Hazme un café, Conchita
«HAZME un café, Conchita. César acaba de regalarme el Cavia con su muerte». Con estas palabras saludó Jaime Campmany a su mujer, después de haberse pasado la noche en claro, velando el cadáver de González-Ruano. Escribió aquel artículo donde la mota necrológica alcanzaba temperatura de metáfora y, en efecto, obtuvo con él, como había pronosticado, el premio que concede ABC. Ya no queda nadie a quien se le den los muertos como a Campmany, quizá porque no queda ningún escritor que sepa fundir en su escritura nostalgia e ironía, socarronería y bondad, chanza y elegía. Jaime Campmany era exacto como un metrónomo en la elección del epíteto, lacerante en el sarcasmo, olímpico en la sátira; en sus manos, el lenguaje se convertía en un acordeón dócil, se incendiaba de una alegría lujuriosa, se teñía de una melancolía secretamente doliente, se tornaba lacerante como una daga o se remansaba en la evocación, brindando siempre esa nota temblorosa, mordaz o lírica, que amargaba el desayuno a sus enemigos (¡ay de quien Campmany eligiera como diana de sus dardos!) y hacía levitar de purísimo gozo a la cofradía siempre creciente de sus lectores.

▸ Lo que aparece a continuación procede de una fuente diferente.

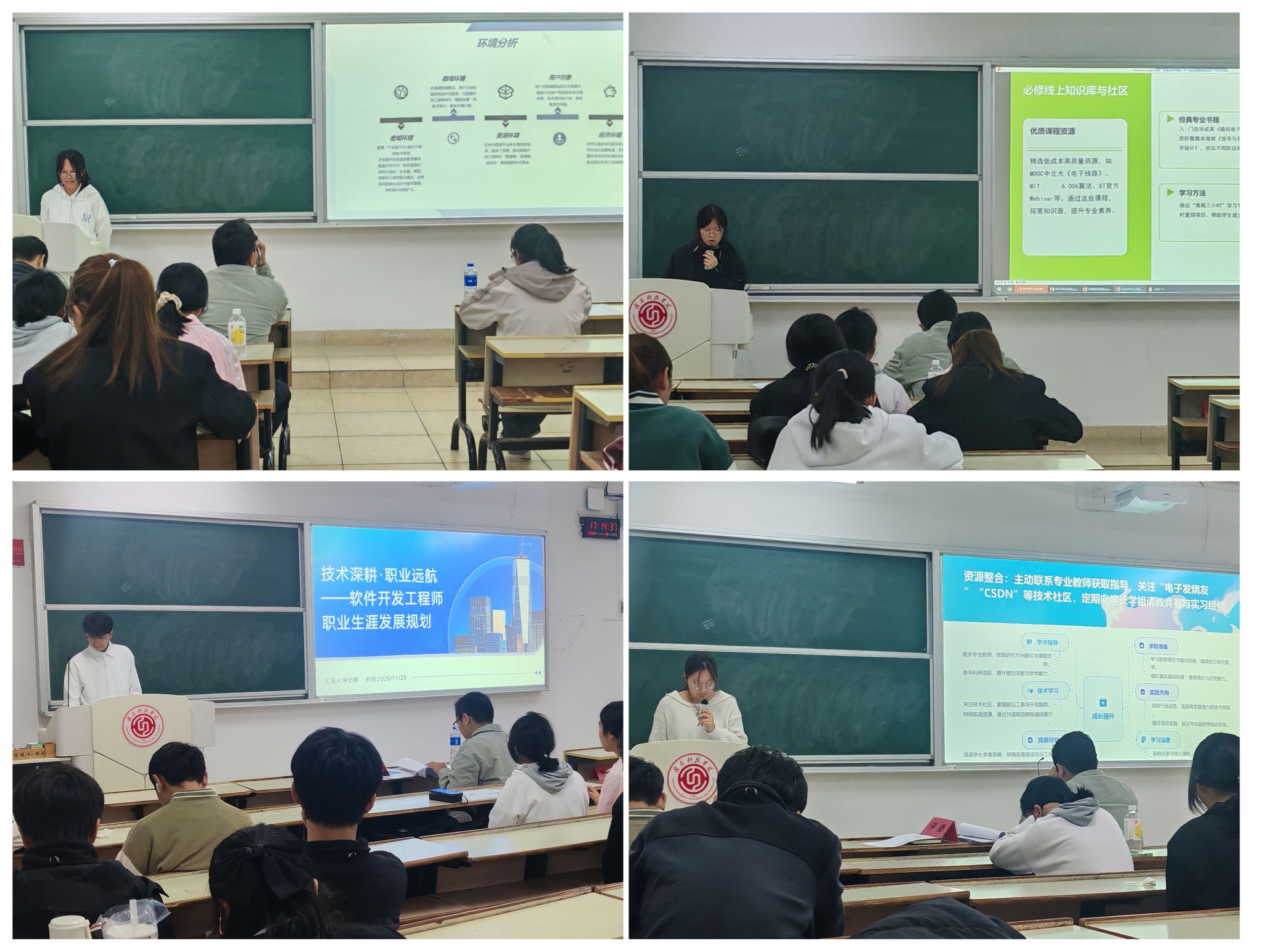经前期遴选,共有8名选手入围院级比赛。比赛分为成长赛道和就业赛道,采用“展示+答辩”的形式考察。选手们通过精心准备的PPT,从自我认知、职业认知、目标设定到实施路径,全方位展示了自己的职业规划蓝图。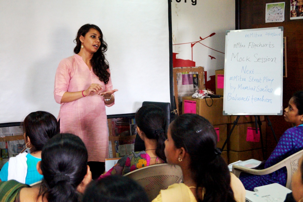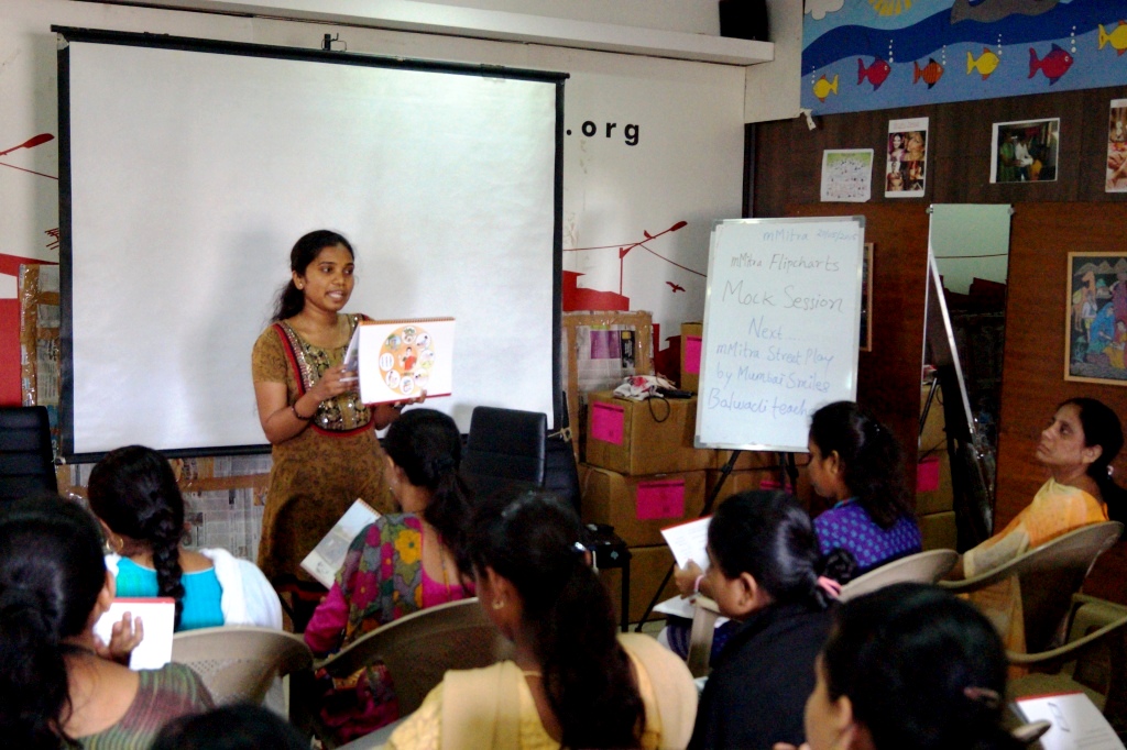 As a part of this project Armman foundation organizes regular training programs for Field supervisors of all the partner NGOs. This training program was held on 20th of May at the Mumbai Smiles office. More than 30 members attended the training program from various partner NGOs. The program was organized with the objective of reiterating the mMitra project’s concept and to acquaint the Field Supervisors with the mMitra communication material. The revised mMitra flip chart was explained and discussed among the Field Supervisors so that they can share the information with the Arogya Sakhis who closely work with the beneficiaries. The program also ensured to gather the experiences of the Field Coordinators while working with the beneficiaries. The training also touched upon the topic of Offline Data entry and coordinating work with Sakhis. In order to make the training more comprehensive a Street Play was performed by the Mumbai Smiles Balwadi teachers. The play highlighted the commonly faced issues by women in the communities of Mumbai. The play was highly appreciated for its delivery and content.

Sin hipérbole, podemos afirmar que fue el último gran escritor satírico de la literatura española. Llevaba en la sangre el latido urgente de las linotipias y el yacimiento recóndito de la mejor poesía, que entreveraba en sus artículos sin alardes, como quien declara llanamente su genealogía irrenunciable. Era un hombre hospitalario, jocundo, epicúreo, que convertía cada sobremesa en una celebración, ensartando anécdotas en las que rememoraba sus años heroicos de corresponsal, alumbrados de bohemia y partidas de naipes que se alargaban hasta el alba. Era también, en contra de lo que pregonaba la jauría de sus detractores, un hombre incapacitado para el rencor, con esa capacidad para compadecer las debilidades ajenas que caracteriza a los espíritus superiores. Nuestra tristeza, en la hora de la despedida, es como un verso de cabo roto que apenas logramos balbucir. Ni siquiera un café bien cargado logra espantar el fantasma de la orfandad que nos atenaza.